You are viewing a plain text version of this content. The canonical link for it is here.
Posted to issues@nifi.apache.org by "Benjamin Wood (JIRA)" <ji...@apache.org> on 2017/09/29 22:22:00 UTC

[jira] [Commented] (NIFI-3423) List based processors don't support source directories with high file count.

    [ https://issues.apache.org/jira/browse/NIFI-3423?page=com.atlassian.jira.plugin.system.issuetabpanels:comment-tabpanel&focusedCommentId=16186596#comment-16186596 ] 

Benjamin Wood commented on NIFI-3423:
-------------------------------------

Looks like a potential fix would be to use
{{java.nio.file.newDirectoryStream}}
instead of
{{java.io.File.listFiles}}

listFiles is known to not handle large directories. DirectoryStream has a much smaller memory footprint and is a more efficient method.

> List based processors don't support source directories with high file count.
> ----------------------------------------------------------------------------
>
>                 Key: NIFI-3423
>                 URL: https://issues.apache.org/jira/browse/NIFI-3423
>             Project: Apache NiFi
>          Issue Type: Improvement
>          Components: Core Framework
>    Affects Versions: 1.1.1
>            Reporter: Matthew Clarke
>
> NiFi FlowFile attributes/metadata lives in heap.  The List based processors return a complete listing from the target and then creates a FlowFile for each File in that returned listing.
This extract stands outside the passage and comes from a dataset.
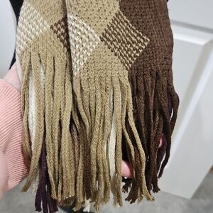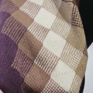 Elegant scarf with a rich purple and brown pattern. Ideal for a chic look.
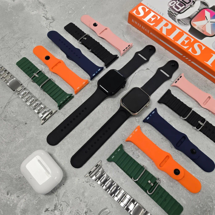 ساعت هوشمند طرح اپل واچ مدل KW53 MAX، یک انتخاب کامل برای کسانی است که به دنبال ترکیبی از طراحی شیک و امکانات پیشرفته هستند. این ساعت با ظاهر مدرن و قابلیت های متنوع، تجربه ای راحت و کاربردی از دنیای ساعت های هوشمند را ارائه می دهد. علاوه بر خود ساعت، لوازم جانبی مانند بند های متنوع و ایرپاد همراه آن، این محصول را به یک پکیج کامل و ایده آل تبدیل کرده است.

The FlowFiles being created are not committed to the list processor's success relationship until all have been created.  So you end up running out of NiFi JVM heap memory before that can happen when the returned listing is very large.
> It would be nice if the list based processors could commit batches (10,000)  of FlowFiles at a time from the returned listing instead of trying to commit them all at once to help avoid heap exhaustion.



--
This message was sent by Atlassian JIRA
(v6.4.14#64029)